«Мелкое» дело - Черносвитов Владимир Михайлович. Страница 4
Прошёл день, второй — законченное дело никак не выходило из головы Сидоренко. И не было ничего похожего на то чувство удовлетворения, которое непременно приходило к нему раньше после окончания любого, пусть даже самого незначительного расследования. Следователь думал и не понимал, что именно возвращает его к мысли о деле Петрова.
Советские криминалисты категорически отрицают предчувствия, и следователи тщательно стараются не давать им «права голоса». Но вот же бывает такое: привяжется какое-то беспокойное, смутное, непонятное чувство и никак от него не отделаешься. Подчас это оказывается просто скрытой, подсознательной работой мозга.
Так было и у Сидоренко. Ночью он проснулся от настойчивого требования мозга закрепить в памяти один вопрос. Сосредоточившись на этом вопросе, следователь уже не мог заснуть. Он поднялся, набросил на плечи шинель и сел у открытого окна.

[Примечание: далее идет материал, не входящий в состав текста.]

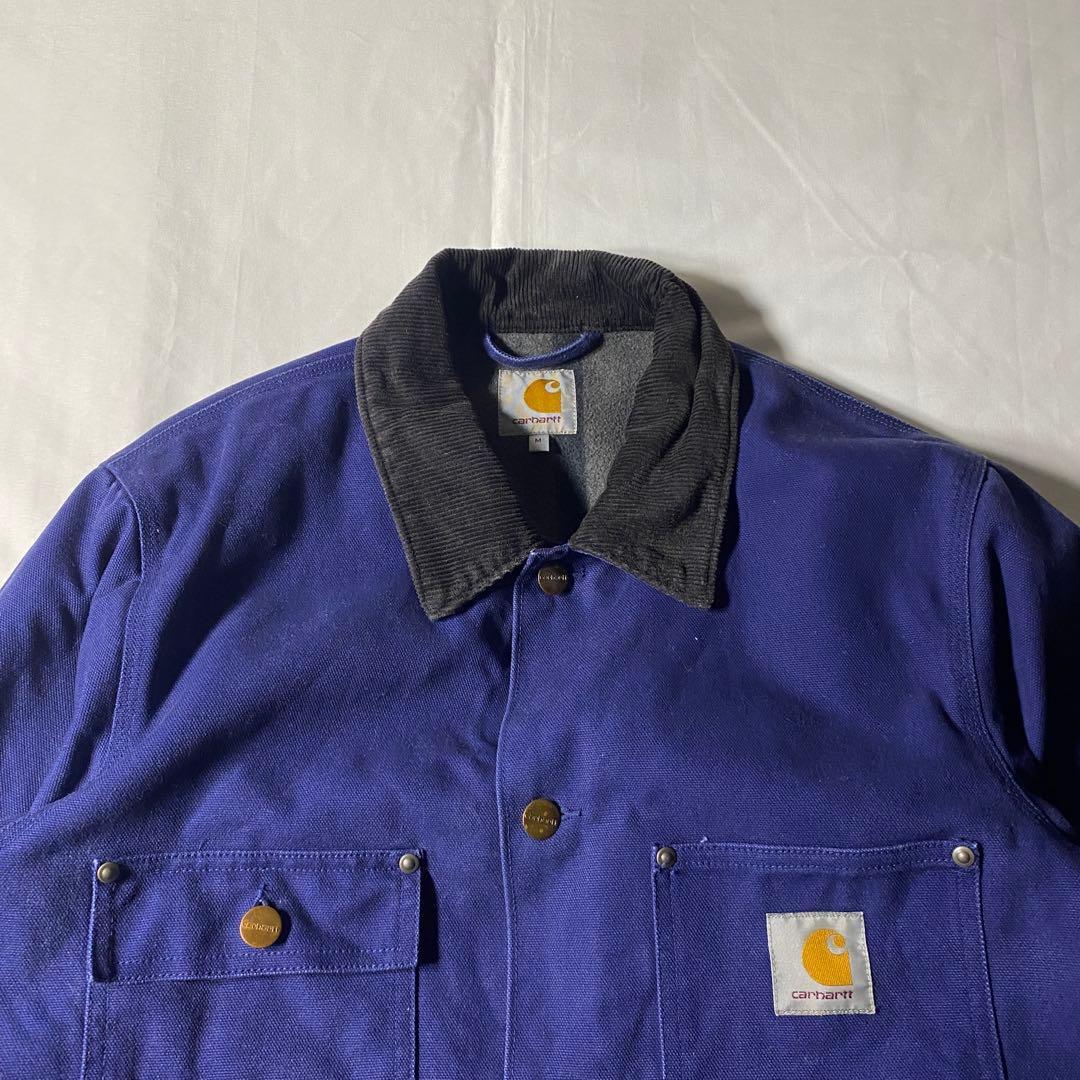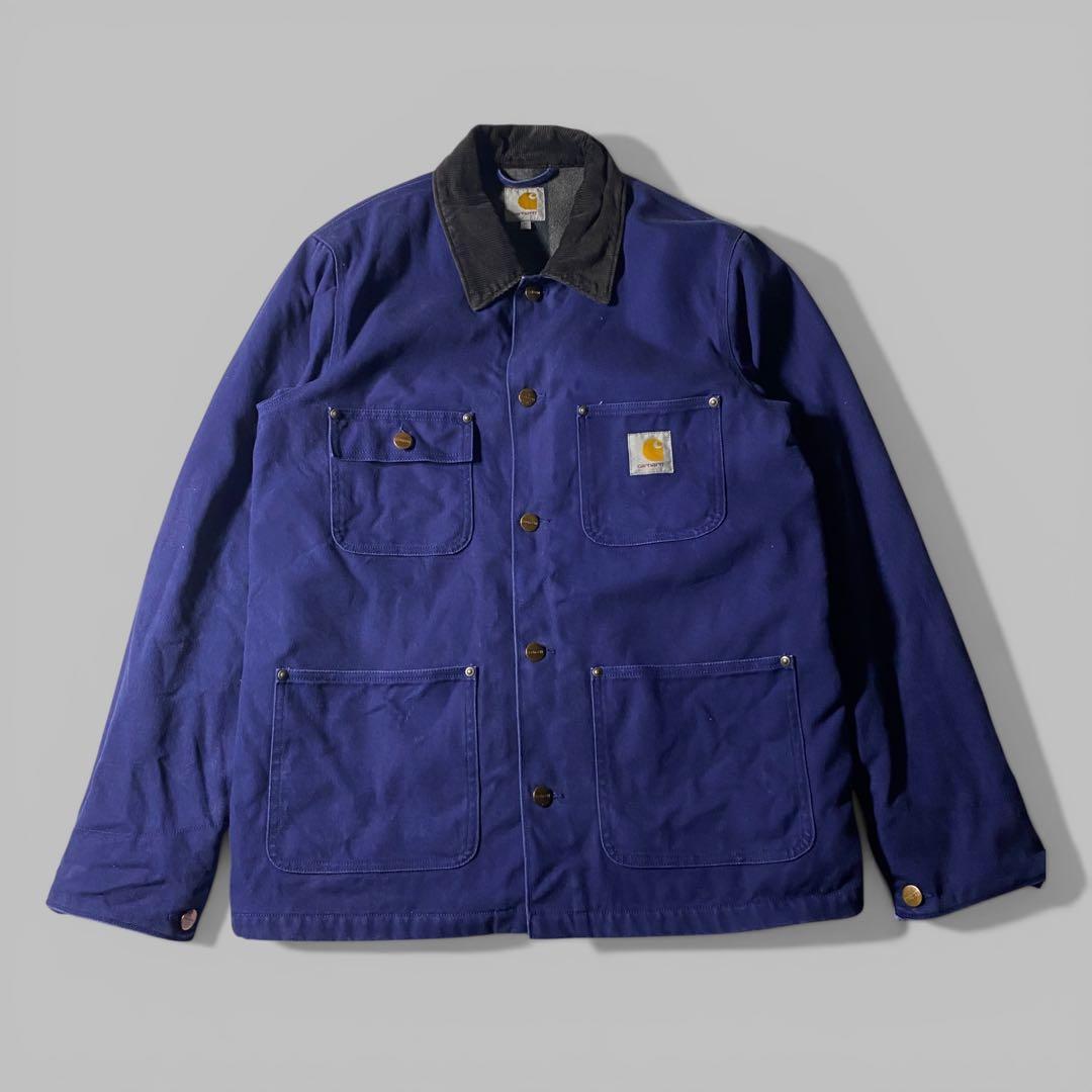 Carharttの定番ワークジャケットとして長年愛されてきたChore Coat。19世紀末のアメリカで鉄道員や農夫の作業着として生まれたワークウェアの王道モデルで、フロントの大きなパッチポケットとコーデュロイ襟が象徴的なディテールです。タフなダックコットンに裏地ブランケットライニングを備え、無骨さと実用性を両立。鮮やかなブルーカラーはヨーロッパのワークジャケットを思わせる雰囲気もあり、無骨なのにどこか洒落ている絶妙なバランス。作業着として生まれながら、今ではカフェでも古着屋でもしっくり馴染む、まさに“働き者の洒落者”な一着です。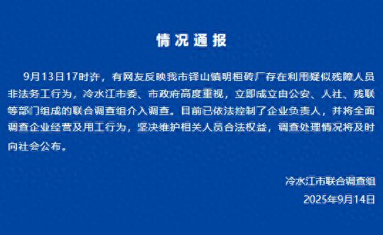 9月13日17时许,有网友反映我市铎山镇明桓砖厂存在利用疑似残障人员非法务工行为,冷水江市委、市政府高度重视,立即成立由公安、人社、残联等部门组成的联合调查组介入调查。目前已依法控制了企业负责人,并将全面调查企业经营及用工行为,坚决维护相关人员合法权益,调查处理情况将及时向社会公布。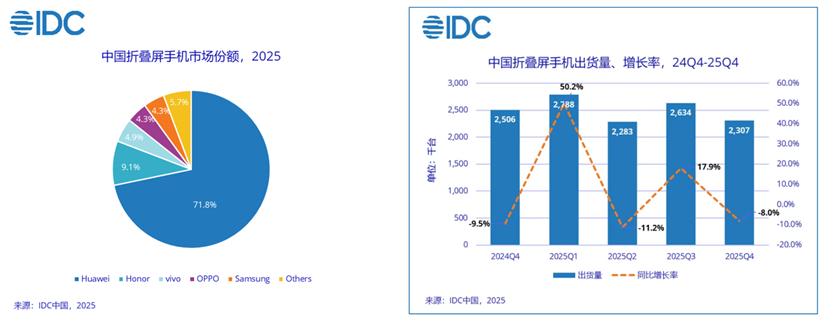 从市场份额数据来看,据IDC发布的调研报告,2025年国内折叠屏出货量继续增长,华为全年以71.8%的市场份额实现断层式领先;位居第二的荣耀份额为9.1%,而OPPO、vivo、三星等其余品牌份额合计尚不足20%。如果看单季度数据,华为折叠屏在2025年三个季度中市场占比均超70%,行业龙头地位极为稳固。
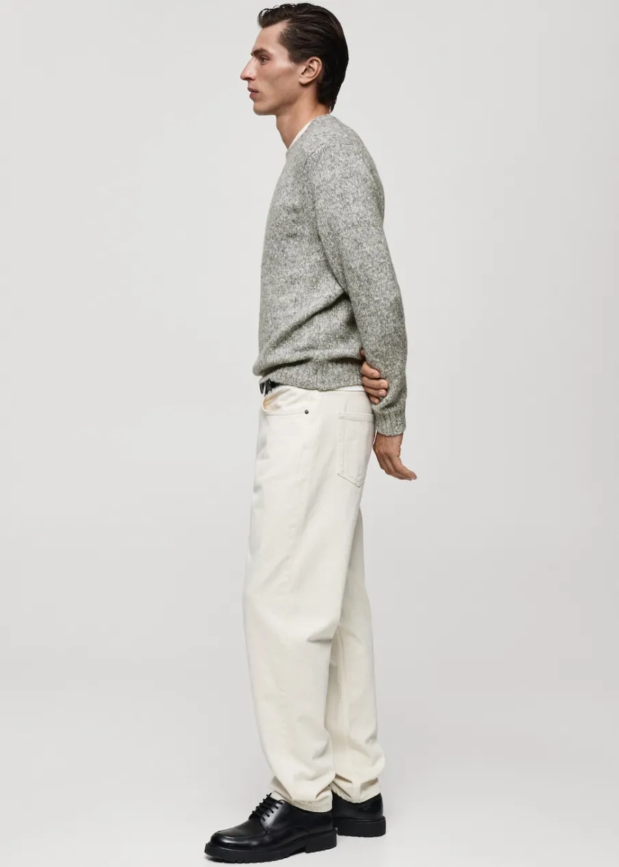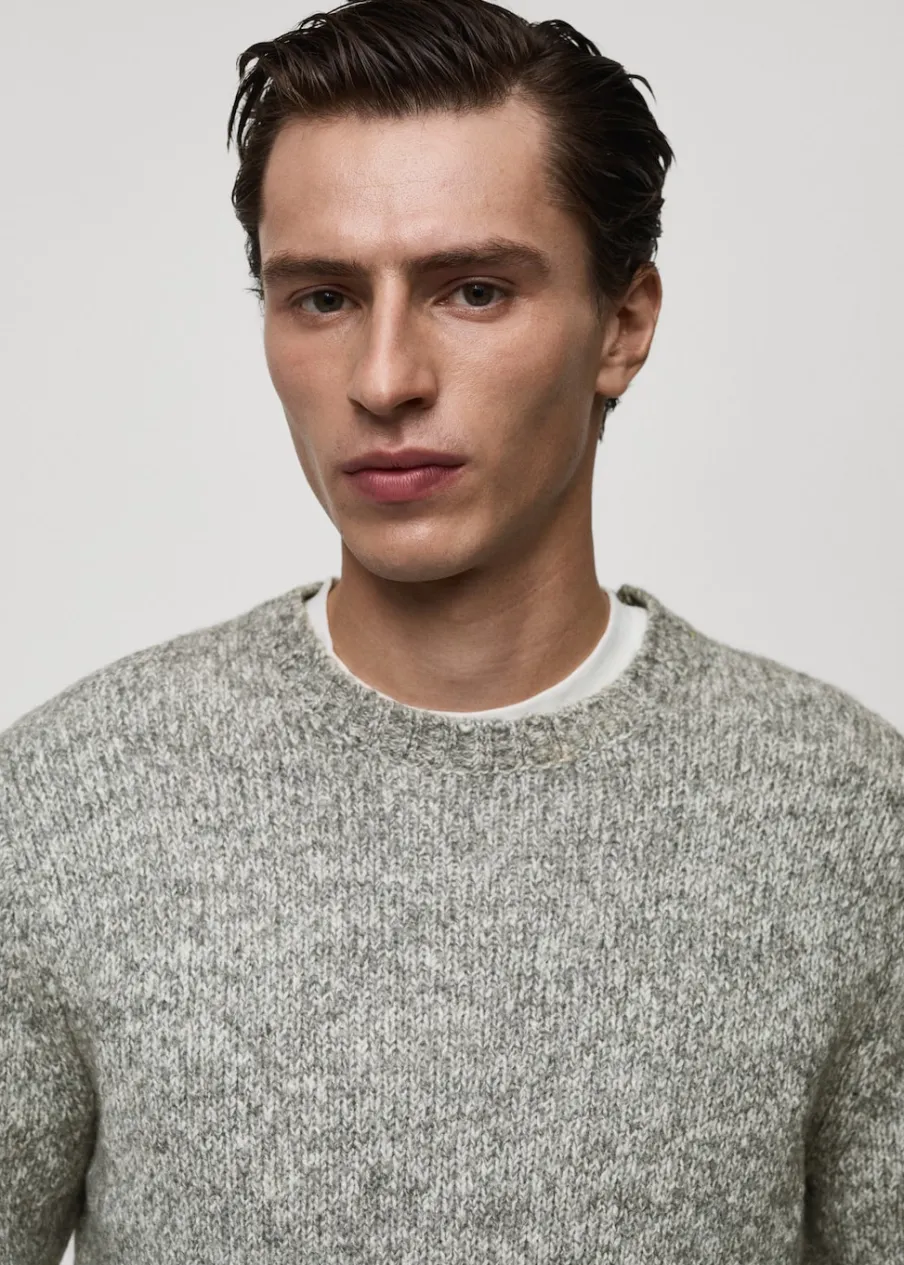 Okrągły dekolt. Tkanina z grubej dzianiny. Tkanina z mieszanki bawełny i wełny. Deseń melanżowy. Model ma 185 cm wzrostu i nosi rozmiar M.

У самой хаты тихо перешёптывались невидимые в темноте тополя. В ночной прохладе откуда-то тянуло то горьковато-резким запахом остывшего пожарища, то медовым ароматом лугов. Издалека явственно доносился рёв танковых дизелей. Пронзительно закричал и тут же умолк, водимо, застеснявшись своего одиночества, чудом уцелевший при оккупантах петух.
Сидоренко поднял взгляд: светло. Трава, яблони, закамуфлированные кузова машин, сапоги и даже автомат прохаживающегося часового — всё было покрыто мелкими капельками росы. Зарозовели крыши, и окно противоположной хаты вдруг вспыхнуло багровым пожарным отблеском восхода — прифронтовое село встречало третий день своего освобождения.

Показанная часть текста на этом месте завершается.